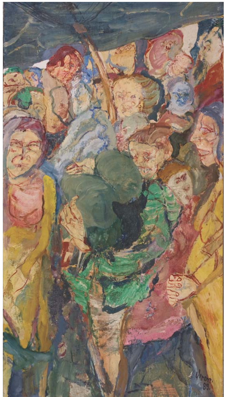
Dinnyepiac, 1989, olaj, vászon, 180 x 100 cm, j. l.: Veress 89

Veress Sándor László. (Kat., Budapest 2005)
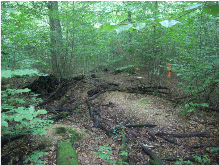
Zustand 2012
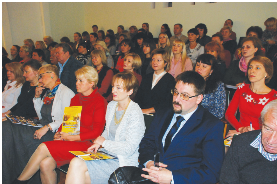
Учасники круглого столу у конференц-залі Центрального державного архіву-музею літератури і мистецтва України.
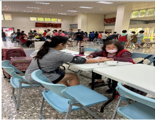
說明：校內教職員工參與佳里衛生所辦理行動醫院健康檢查活動-量血壓
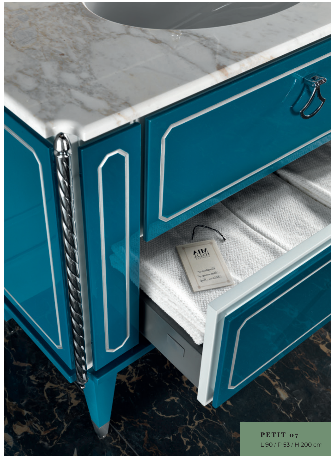
PETIT 07 L 90 / P 53 / H 200 cm
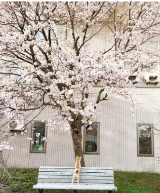
『なにこれ? 《初めて見る桜》』
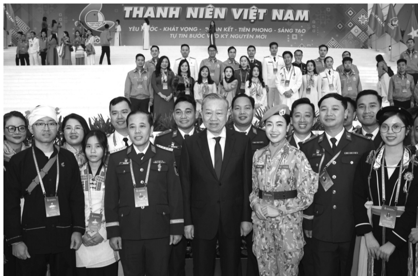
● Tổng Bí thư Tô Lâm với các đại biểu phiên trọng thể Đại hội IX Hội Liên hiệp Thanh niên Việt Nam.

"Lòng yêu nước luôn thường trực trong trái tim mỗi bạn trẻ cần phải được khơi dậy mạnh mẽ; khát vọng về một đất nước Việt Nam giàu mạnh hùng cường từng ngày, từng giờ thôi thúc mỗi bạn thanh niên cần phải được hiện thực hóa bằng mồ hôi và trí tuệ; sức mạnh nền tảng từ tinh thần
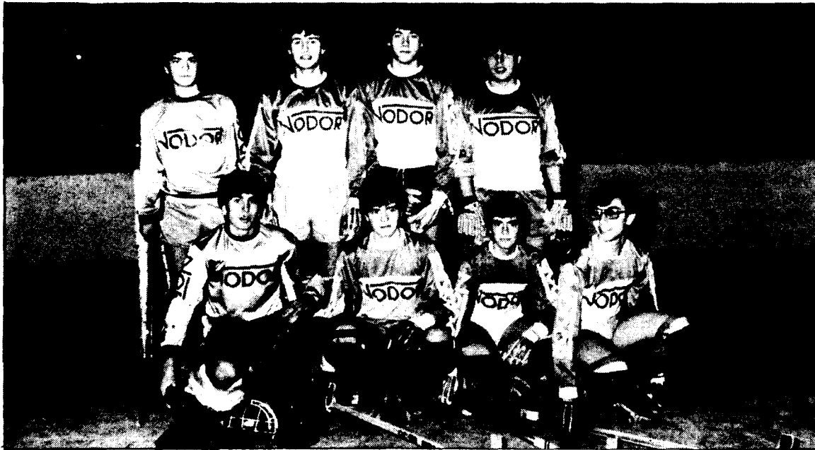
La Garriga (juvenil)
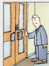
Gesloten afdelingen en afzondering in een kamer
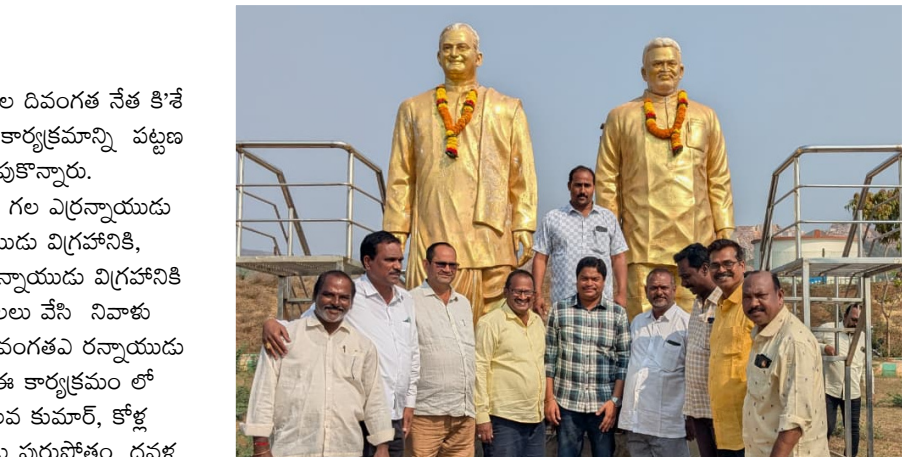
అభిమానులు తదితరులు పాల్గొన్నారు.
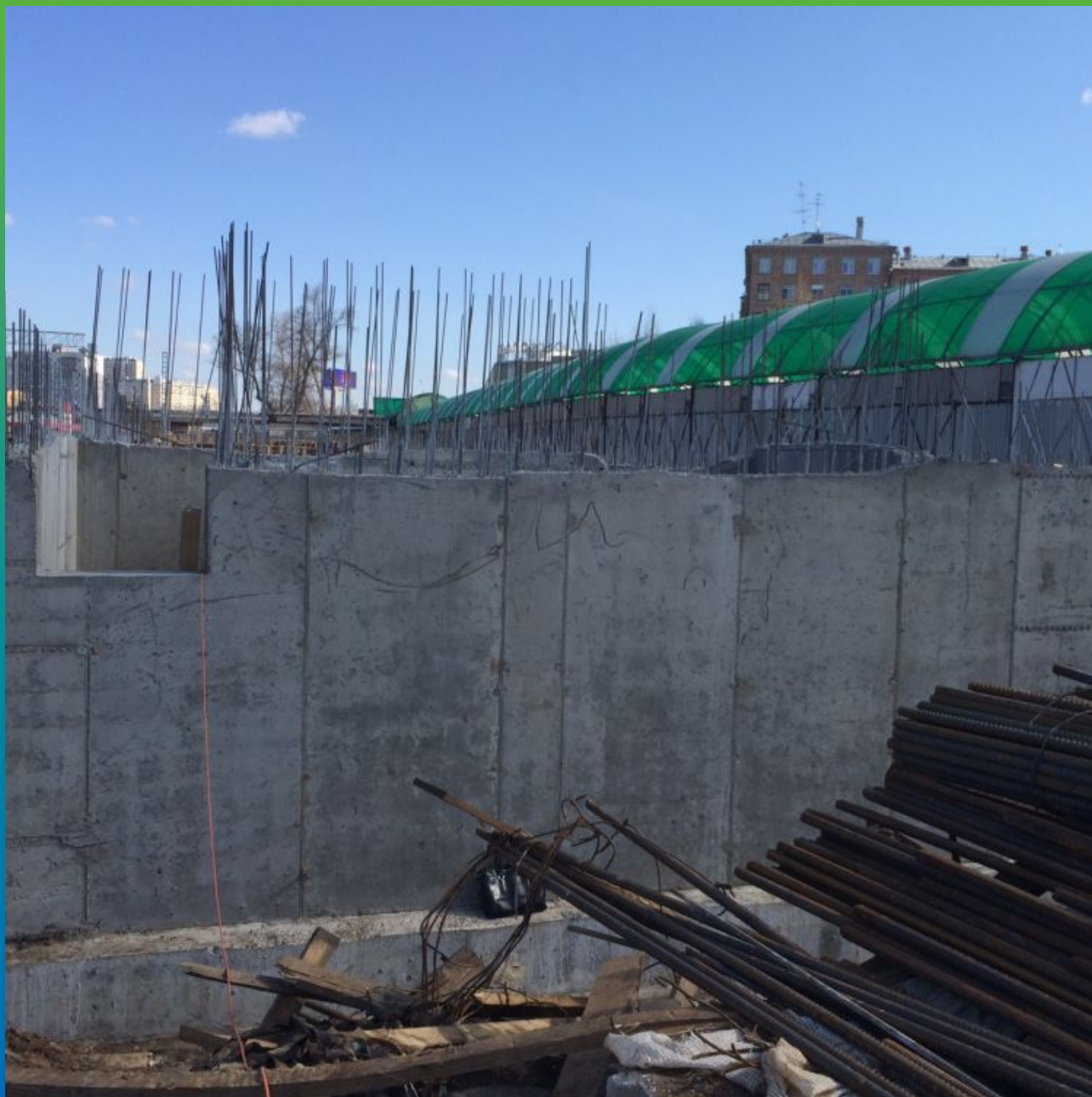
Стены подземной части здания
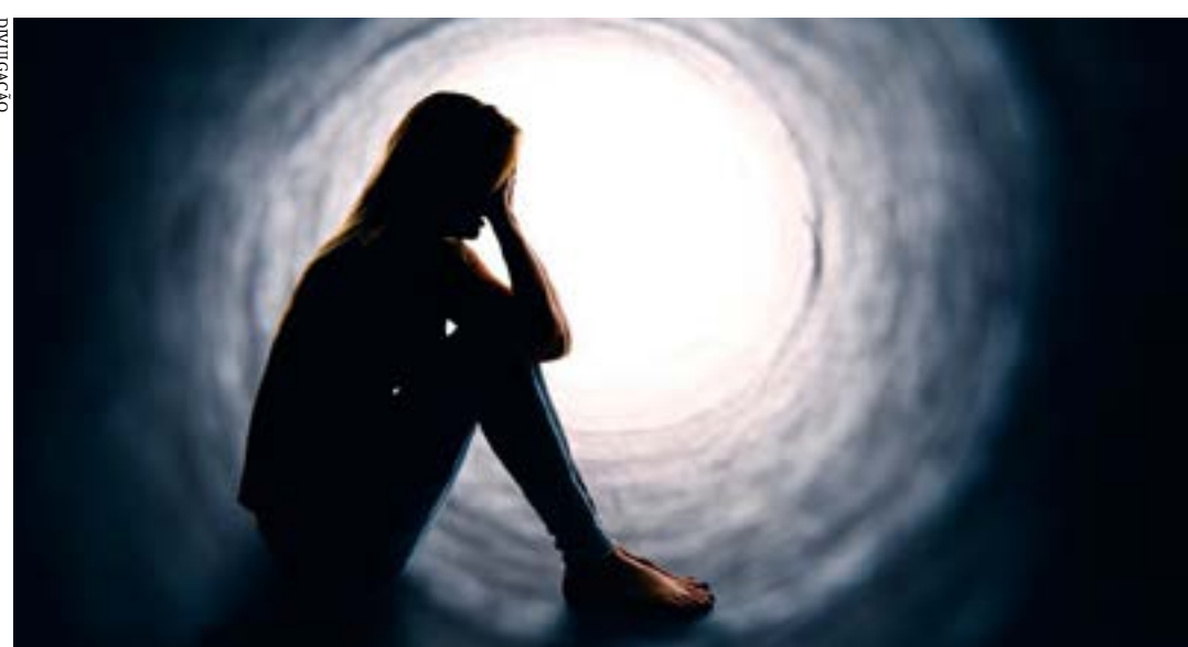
Projeto obriga plataformas de internet a retirar postagens que induzam usuários, especialmente crianças e jovens, a lesionarem a si próprios ou a outros

O senador Telmário Mota (Pro-RR) apresentou um projeto de lei para determinar às plataformas de internet a retirada de circulação de conteúdos que possam instigar a atentar contra a própria vida ou a de outras pessoas (PL 2.184/2022). A proposta altera pontos do Marco Civil da Internet (Lei 12.965, de 2014) para coibir a divulgação, em sites ou redes sociais, de conteúdo que induza, instigue ou constranja alguém a atentar contra sua incolumidade física e psicológica ou de outros.
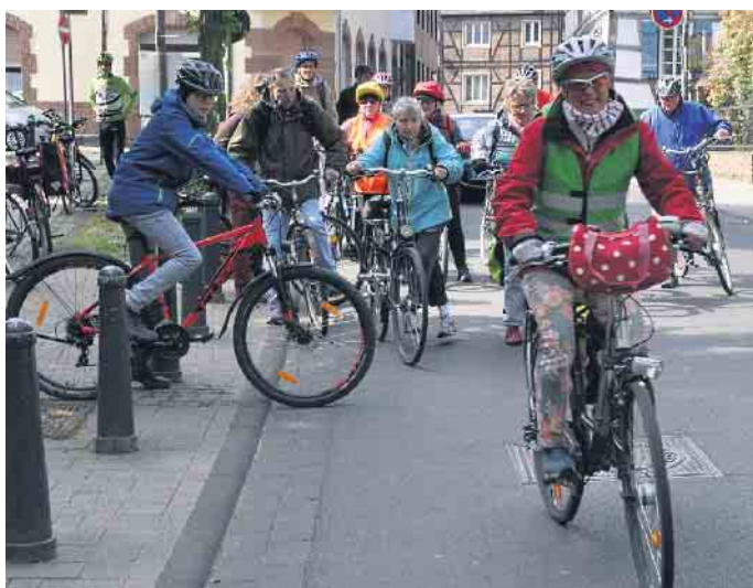
Traditionsgemäß startet die Fahrrad-Tour vor der Öffentlichen Bücherei am Hertersplatz in Alfter-Ort.
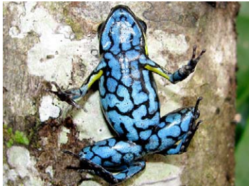
25 Ameerega cf. petersi DENDROBATIDAE
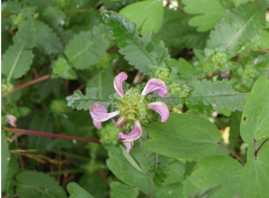
トモエシオガマ(巴塩竈)
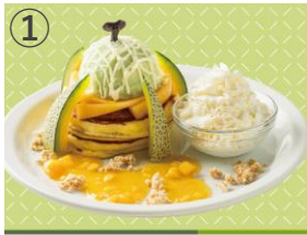
① Butter ほこたメロンとカスタードのパンケーキ
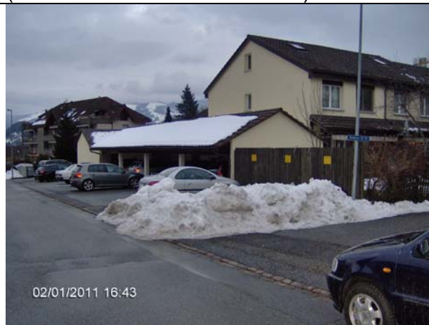
Abb. 5: Besucherparkplätze bei der Siedlung.
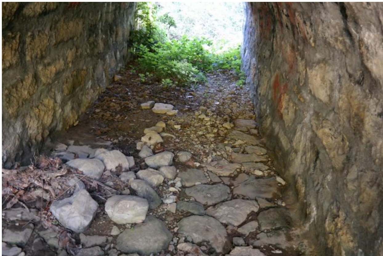
Pont du Borgel, vue du lit du cours d'eau sous le pont
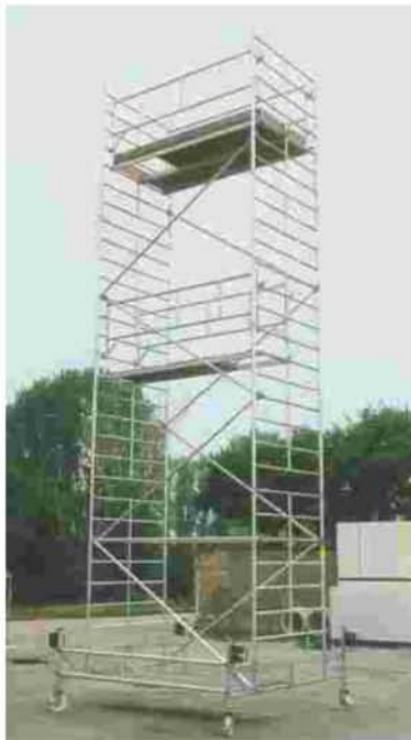
Die drei Aufbaubereiche
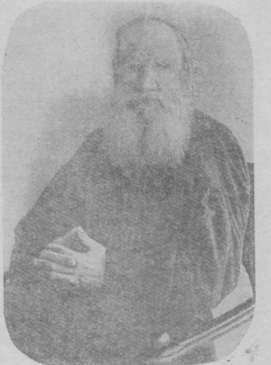
Л. Н. Толстой.
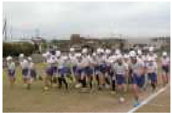
【5年生のスタートの様子】
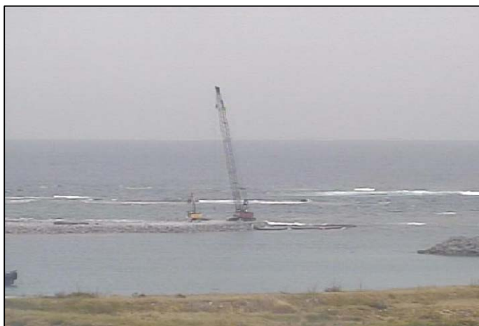
③-B 平成27年1月 護岸築造工事
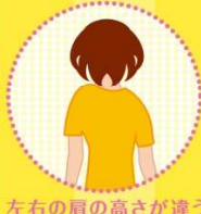
左右の肩の高さが違う
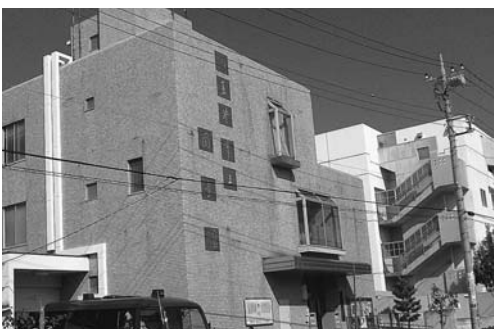
整備が望まれる図書館
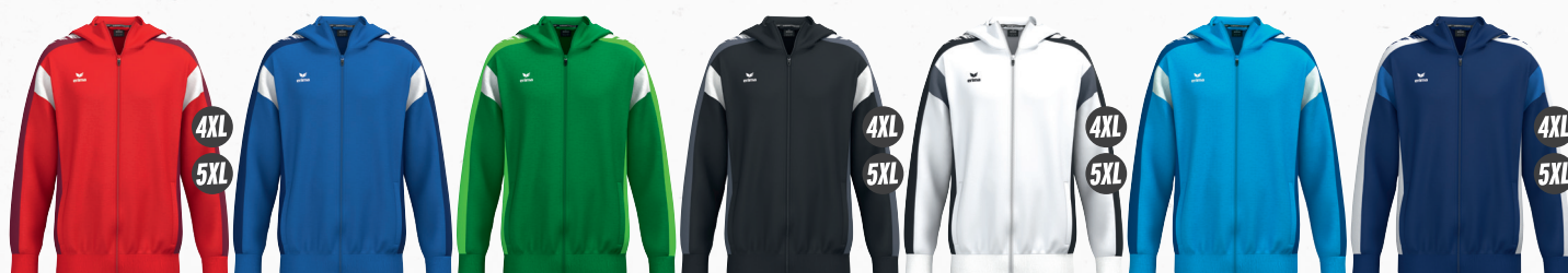
1032529 1032536 rouge/new bordeaux 1032530 1032537 new roy/new navy 1032531 1032538 émeraude/green gecko 1032532 1032539 noir/slate grey 1032533 1032540 blanc/noir 1032534 1032541 curaçao/new roy 1032535 1032542 new navy/blanc

__________________________________________________

§ THE TASK
Only the lines from the top of the material through the line containing "Projeto obriga plataformas" should be written out, exactly and without pictures.

§ SOLUTION FOR THIS PROBLEM
Dinnyepiac, 1989, olaj, vászon, 180 x 100 cm, j. l.: Veress 89

Veress Sándor László. (Kat., Budapest 2005)
Zustand 2012
Учасники круглого столу у конференц-залі Центрального державного архіву-музею літератури і мистецтва України.
說明：校內教職員工參與佳里衛生所辦理行動醫院健康檢查活動-量血壓
PETIT 07 L 90 / P 53 / H 200 cm
『なにこれ? 《初めて見る桜》』
● Tổng Bí thư Tô Lâm với các đại biểu phiên trọng thể Đại hội IX Hội Liên hiệp Thanh niên Việt Nam.

"Lòng yêu nước luôn thường trực trong trái tim mỗi bạn trẻ cần phải được khơi dậy mạnh mẽ; khát vọng về một đất nước Việt Nam giàu mạnh hùng cường từng ngày, từng giờ thôi thúc mỗi bạn thanh niên cần phải được hiện thực hóa bằng mồ hôi và trí tuệ; sức mạnh nền tảng từ tinh thần
La Garriga (juvenil)
Gesloten afdelingen en afzondering in een kamer
అభిమానులు తదితరులు పాల్గొన్నారు.
Стены подземной части здания
Projeto obriga plataformas de internet a retirar postagens que induzam usuários, especialmente crianças e jovens, a lesionarem a si próprios ou a outros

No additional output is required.